Ale co ma wisieć, nie utonie, więc poza wieszaniem budek umowa w roku bieżącym objęła także „prace nawodne”. Polegały one na wykonaniu i montażu 9 koszy lęgowych dla kaczek oraz przygotowaniu i montażu 6 platform wypoczynkowych dla ptaków.
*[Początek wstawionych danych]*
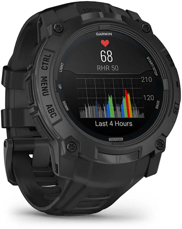 Montre GPS multisport robuste, édition Tactical. Diamètre du boîtier : 50 mm. Étanchéité : 10?ATM (100?m). Écran : AMOLED haute résolution. Autonomie estimée : jusqu’à 18 à 24 jours en mode montre, 32 à 40h en mode GPS. Fonctions clés : GPS multibandes + technologie SatlQ, lampe torche intégrée, capteurs ?ABC? . Matériaux et construction : boîtier en polymère renforcé fibre, lunette métal renforcée, verre solaire Power?Glass Usage : conçu pour les activités outdoor, situations extrêmes, aventure & tactical

Inwentaryzację i czyszczenie budek i koszy przeprowadzono w październiku 2011 r. Wszystkie skrzynki lęgowe zostały sprawdzone i oczyszczone z nagromadzonego materiału, kosze i platformy usunięto na zimę. Podczas inwentaryzacji budek stwierdzono lęgi 6 gatunków ptaków: bogatki (21%), szpaka (16%), mazurka (3%), muchołówki żałobnej (2%), kowalika (1%), modraszki (1%). Dominowały sikory, w tym nieoznaczone do gatunku stanowiły 37%. Ze względu na duże podobieństwo gniazd modraszki i bogatki, w wielu przypadkach oznaczenie ograniczyło się właśnie do określenia „sikora”. Po zmianach w systematyce modraszka i bogatka należą do różnych rodzajów Cyanistes i Parus i nie powinniśmy już mówić o oznaczaniu do rodzaju, jeżeli wahamy się między tymi dwoma gatunkami. Części lęgów nie udało się oznaczyć (19%). Ogólnie procent zasiedlenia budek wyniósł ok. 53%, w tym budki typu B, tzw. szpakówki zostały wykorzystane w 100%. Puszczyki w tym sezonie nie użytkowały skrzynek lęgowych, ale liczymy, że w końcu się skuszą. Do platform wypoczynkowych ptaki początkowo podchodziły z pewną dozą nieśmiałości, ale stopniowo przekonały się do nowych konstrukcji na stawach i zaczęły z nich korzystać. Niestety, kosze lęgowe nie zostały zasiedlone w tym sezonie, najprawdopodobniej spóźniliśmy się z montażem, ale nic straconego, bo pojawiają się ponownie wiosną. Już planujemy jak zwiększyć efekt w kolejnym sezonie, przez wcześniejszy montaż, zmianę lokalizacji czy ustawienia. Z każdym sezonem liczymy na więcej.